Feature descriptors

The first of the feature descriptors I implemented simply stores the color components of the pixels in a 5x5 window around the feature point as a vector. The distance between two features was determined by calculating the angle between two such vectors. This is similar to the approach of determining the euclidean distance, but I hoped that it would also account partially for illumination changes, since multiplying the vectors by a constant shouldn't change the angle between them. The other feature descriptor I implemented is similar to the window one, except that it explicitly accounts for rotational and illumination changes. In this descriptor I grab a larger (16x16) subwindow of the image. To reduce the error of small differences in feature positions, this image is then blurred with a 5x5 Gaussian mask.
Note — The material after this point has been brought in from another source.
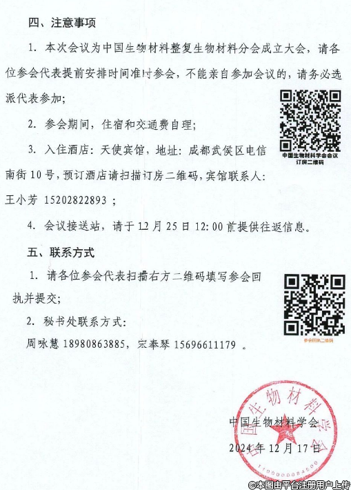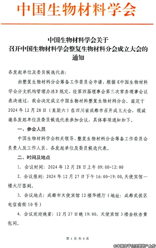 由整復生物材料分會籌備工作委員會申請,根據(jù)《中國生物材料學會分支機構管理辦法》規(guī)定,經第四屆理事會第三次常務理事會議表決通過,我會決定成立中國生物材料整復生物材料分會。茲定于2024年12月28日(星期六)在四川省成都市召開成立大會,現(xiàn)誠邀各發(fā)起單位及委員候選代表參加會議,具體事項通知如下,

Over this blurred image I then compute the angle of the average gradient, as well as the average value and deviation of the red, green, and blue color components. When comparing two windows, they are rotated so that they are aligned and adjusted so that the means and deviations of each of the color components match. The total difference between two features is then the average difference of their pixels. Initially I had planned to compute the gradient of the difference of two aligned windows, and then choose the feature difference as the least-squared error of the affine transformation best fitting to this vector field. In this way I hoped to account for invariance over small affine transformations. It turns out, however, that I'm lazy and didn't actually do any of this. Oh well, it sounded like an interesting idea at first.

performance

Average pixel error on image sets
Window That other Method
graf 216 209 234 205
leuven 321 238 250 129
bikes 418 387 425 355
wall 303 275 335 258

results

In the end, I found that while my feature descriptor fared reasonable well with illumination changes, it was relatively brittle to other sorts of transformations. This appears to be partially due to errors in the calculation of the gradient direction over a window -- possible as a result of it's calculation over a radially asymmetric region (which in retrospect, was pretty silly, particularly since I already avoided this in the Harris corner detection). That said, it seems to get a semi-respectable proportion of the features correct for rotations and illumination changes.